RAW DATA ->
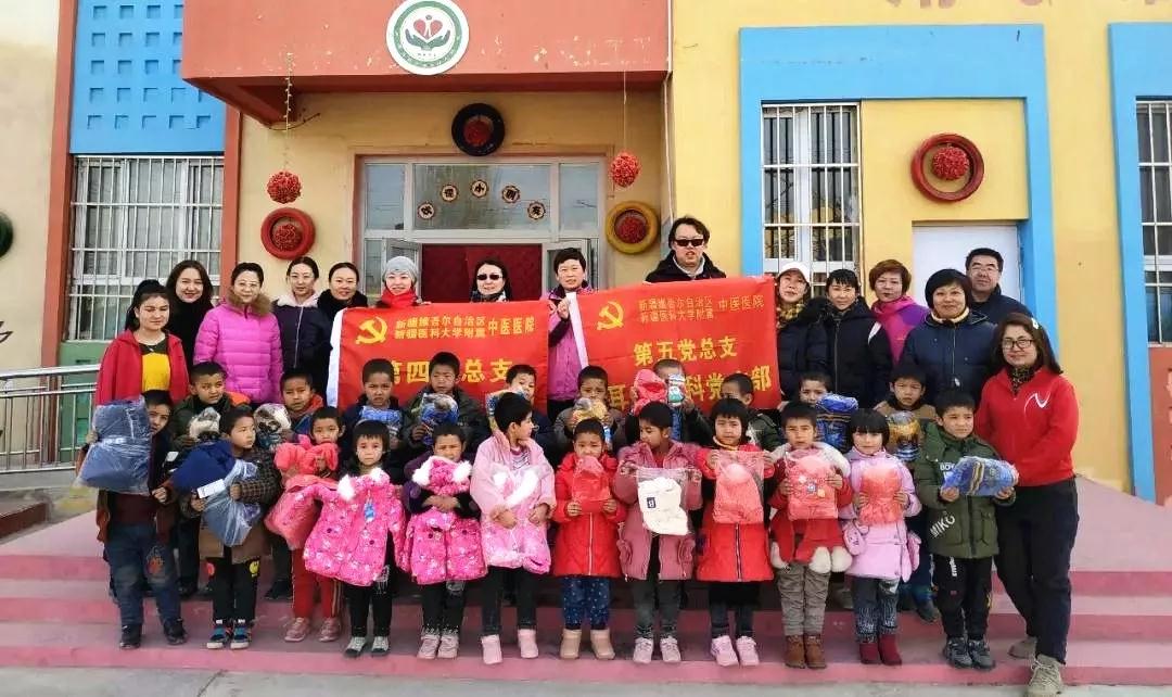 11月25日,在寒冬之际,beat365中文官方网站附属中医医院第四党总支和第五党总支的部分党员,为和田墨玉县芒来乡阿克塔木村的孩子们送去了新的棉衣、手套、帽子和文体用品,用爱心温暖阿克塔木村孩子们的冬天,孩子们满心欢喜,连声道谢。
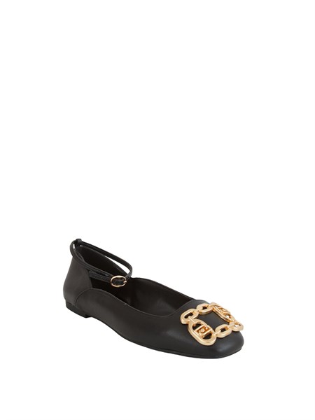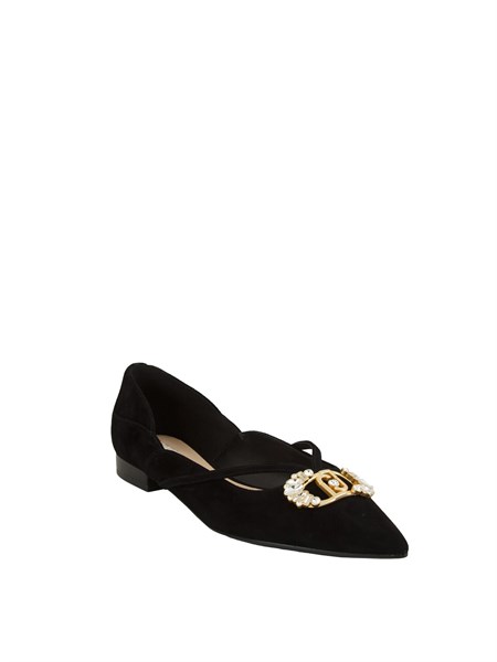Ballerine con tomaia effetto shearling, mini logo monogram, suola super-flat e chiusura con fascette regolabili.
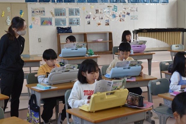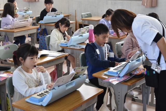 2年生が音楽「こぎつね」で鍵盤ハーモニカの学習。
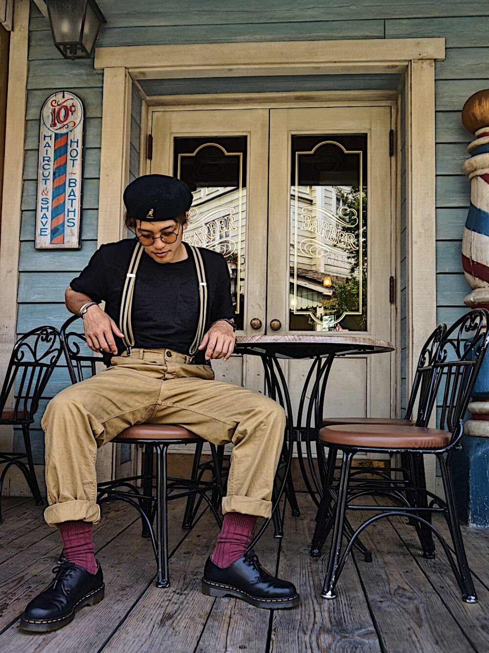 シンプルな黒Tにサスペンダースタイル‼︎ 誕生日プレゼントで、ドクターマーチンをもらいました(^^) 履きまくります🎶
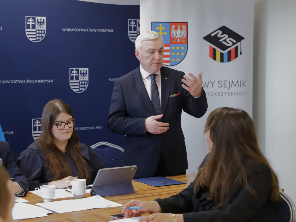 Członek Zarządu Andrzej Pruś podkreślił: – Doradzanie Wam jest przyjemnością. Obserwuję, jak pięknie budujecie swój kapitał i społeczne kompetencje. Jestem przekonany, że dzięki doświadczeniu, które tu zdobywacie, w przyszłości wielu z Was z powodzeniem zasiądzie w ławach Sejmiku Województwa Świętokrzyskiego jako doświadczeni samorządowcy.
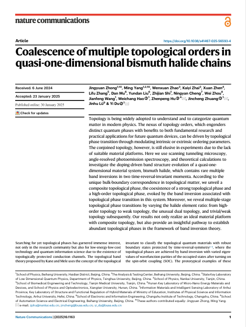 近日,物理学院表面物理与量子物质研究团队与清华大学、南开大学等合作,在实现多重可控拓扑相变研究方面取得重要进展,相关研究成果于1月30日以“Coalescence of multiple topological orders in quasi-one-dimensional bismuth halide chains”为题在线发表于《Nature Communications》上。其中,物理学院博士生钟景元、betway西汉姆联物理性能表征平台教师杨明为共同第一作者。
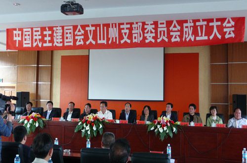 2010年2月5日,在州政协礼堂,民建文山州支部召开了隆重的成立大会。中共文山州委、州政府、州人大、州政协的领导、部分州级机关领导、会员单位领导、文山州兄弟党派领导、民建部分地方组织领导和全体会员参加了成立大会。
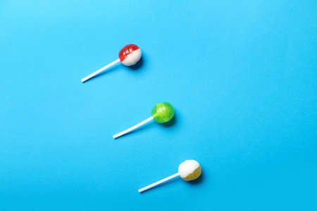 Tasty lollipops on blue background

PROMPT ->
Each line from the beginning of the entries up to and including the one containing "2年生が音楽「こぎつね」で鍵盤ハーモニカの学習。" must be restated exactly. Pictures are to be left out.

TASK OUTPUT ->
 11月25日,在寒冬之际,beat365中文官方网站附属中医医院第四党总支和第五党总支的部分党员,为和田墨玉县芒来乡阿克塔木村的孩子们送去了新的棉衣、手套、帽子和文体用品,用爱心温暖阿克塔木村孩子们的冬天,孩子们满心欢喜,连声道谢。
Ballerine con tomaia effetto shearling, mini logo monogram, suola super-flat e chiusura con fascette regolabili.
 2年生が音楽「こぎつね」で鍵盤ハーモニカの学習。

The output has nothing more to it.